YOUR ASSIGNMENT: Scan the entries below. Return every line that includes "time".
----- ENTRIES SHOWN -----
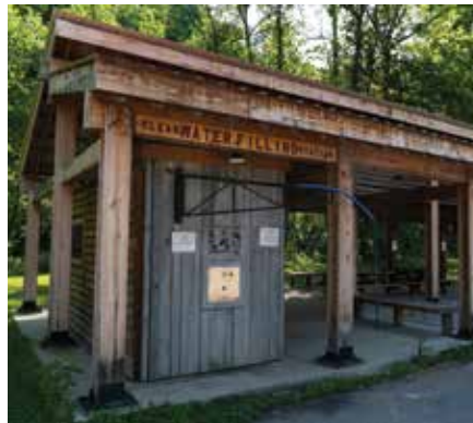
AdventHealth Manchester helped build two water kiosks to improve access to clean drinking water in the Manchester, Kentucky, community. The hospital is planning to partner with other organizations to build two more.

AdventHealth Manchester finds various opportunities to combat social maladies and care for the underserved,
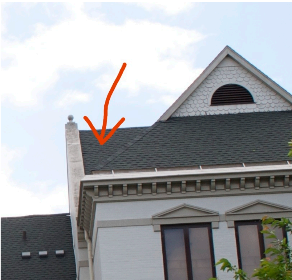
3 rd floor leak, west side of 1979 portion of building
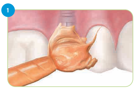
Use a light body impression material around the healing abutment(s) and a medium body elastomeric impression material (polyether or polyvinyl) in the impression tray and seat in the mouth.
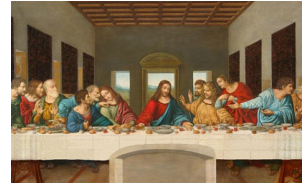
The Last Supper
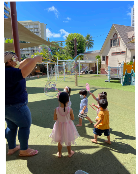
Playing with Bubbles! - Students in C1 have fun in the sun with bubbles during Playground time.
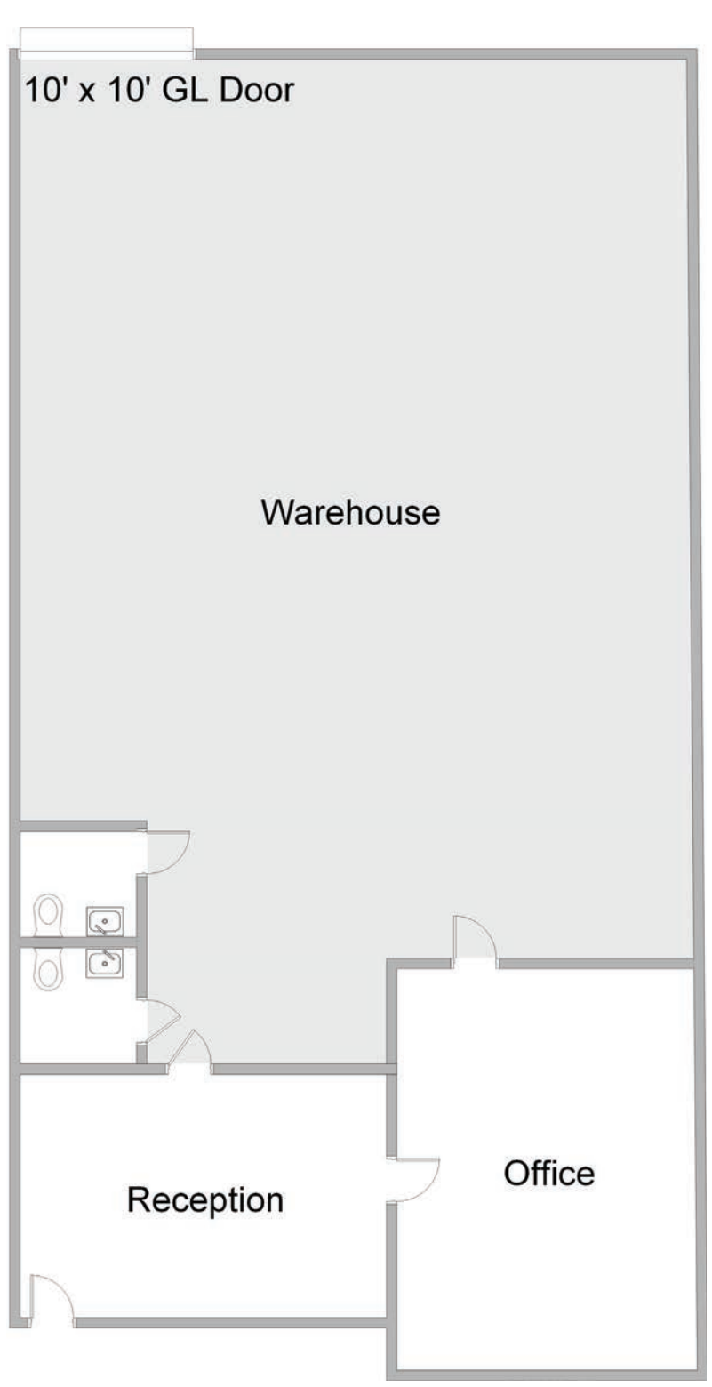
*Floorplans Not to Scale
-----
----- ENTRIES SHOWN -----
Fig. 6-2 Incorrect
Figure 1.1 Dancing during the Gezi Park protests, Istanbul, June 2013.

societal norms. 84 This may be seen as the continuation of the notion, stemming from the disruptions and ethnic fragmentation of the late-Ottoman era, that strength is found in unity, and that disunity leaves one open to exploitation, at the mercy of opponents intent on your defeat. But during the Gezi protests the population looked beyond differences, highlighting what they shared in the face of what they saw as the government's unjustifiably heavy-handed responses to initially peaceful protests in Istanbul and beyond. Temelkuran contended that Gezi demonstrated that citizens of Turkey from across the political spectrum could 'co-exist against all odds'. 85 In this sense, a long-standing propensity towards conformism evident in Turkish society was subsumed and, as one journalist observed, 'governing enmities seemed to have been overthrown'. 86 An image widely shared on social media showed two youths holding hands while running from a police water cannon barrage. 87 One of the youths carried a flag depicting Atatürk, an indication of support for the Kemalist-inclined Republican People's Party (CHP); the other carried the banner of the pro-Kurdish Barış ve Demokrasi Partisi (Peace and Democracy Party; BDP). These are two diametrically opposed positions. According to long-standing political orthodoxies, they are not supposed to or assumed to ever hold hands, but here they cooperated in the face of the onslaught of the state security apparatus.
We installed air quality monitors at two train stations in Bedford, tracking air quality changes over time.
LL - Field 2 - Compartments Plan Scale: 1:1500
-----
FINISHED EXERCISE:
Playing with Bubbles! - Students in C1 have fun in the sun with bubbles during Playground time.
We installed air quality monitors at two train stations in Bedford, tracking air quality changes over time.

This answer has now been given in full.